One. Thousand. Calls. To:  insurance lady, bank lady, electric lady, propane guy, dirt guy, basement guy, road guy,

and junk removal guy…

Yup. He’s one of our guys.

Because you know how on every farm or ranch there is an old car graveyard? You didn’t? Oh, well on every farm or ranch there is a place where old cars, pickups, tractors, augers and lawnmowers go to their semi-final resting place.

And I say semi-final because eventually, even if it is nearly sixty years later, some naive relative of the home place will want to build a house in that grave yard…and then, if they don’t want old car lawn ornaments, it is their responsibility to find them a forever home.

So in between frolicking, chasing cows, thinking about flooring, working, eating freezy pops and watching bad chick flicks, a made a few calls…

Turns out it’s not so easy finding someone to drive to the middle of nowhere to pick up old stuff you don’t want anymore. But I found someone. He’s coming on Monday.

And in the meantime we had to clear way for the road.

So out came the old red tractor, that, by some miracle has avoided the junk pile yet another year…and out came the nostalgia.

Goodbye old brown Dodge Ram. I remember when pops brought you home. I remember when you were our fancy pickup. I remember how I used to scream in frustration at your sticky gears as pops walked away from our red faced stick-shift driving lesson. I hated you then.

But loved you so when you took me to my first high school rodeo, the one where I rode pops’ ranch horse through the barrel pattern and then tied her up to the trailer only to find she got loose and was running down the highway. I remember when pops retired you to bale-loader pickup when he purchased his fancy blue and white Ford with the tiny back seat. I remember when he took the box off you, geared you up with a winch and took you off road to feed calves and go fencing. I left for college and you were running like a champ.
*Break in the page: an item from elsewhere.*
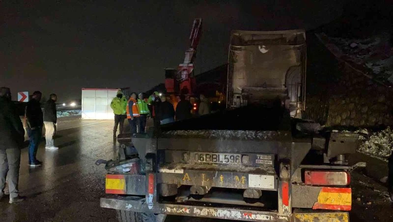 Kocaeli’nin Körfez ilçesi D-100 Karayolu üzerinde karlı yolda kayan tırın taşıdığı konteyner yola devrildi. Tır sürücüsü hafif yaralanırken, D-100 uzun süre ulaşıma kapandı.

I came back and you were here.

Rest easy brother.

Goodbye replacement Dodge. In my life you never really did run very well. I remember watching as pops’ head popped up over the hill, walking home after you stranded him in the field. He was determined to get you running, but somehow the only way was to keep you revved, floored, and never stop.

Pops would get your motor started again by some act of God and take off over the bumps and clay buttes whooping and hollering with the windows rolled down, only to find that you failed to start the next morning. You brought him to such lows and such highs, but I see it didn’t end well for you. You will be taking your last trip up the hill tonight.

And you. The old International. You are from a different time.

I never heard your gears grind or your engine rev. I never saw the way  you could dump a load with a switch from inside the cab. I only knew you as a relic, a symbol of my great grandfather’s presence on this place, a load of wood waiting in your box, as if someone was sure to come back for you, to finish their work for the day and put you back in the shop. I find it hard to part with you, in fact, I haven’t quite decided if I will. It seems you’ve earned your place here. Maybe one day I’ll find someone to fix you up. Maybe one day you could run again?

Maybe.

Oh, and I guess I could talk here about pop’s first riding lawnmower and how he was so excited about it that he tried to mow the entire coulee in front of his house. I could tell you how funny he looked sitting on that thing in his cowboy hat among the grass that reached up over his head. No wonder that little machine died before its time. That will be leaving us too. Along with the old augers my cousins and I used to pretend were dinosaurs, the combines that acted as ships on a sea of clover, the car with wings…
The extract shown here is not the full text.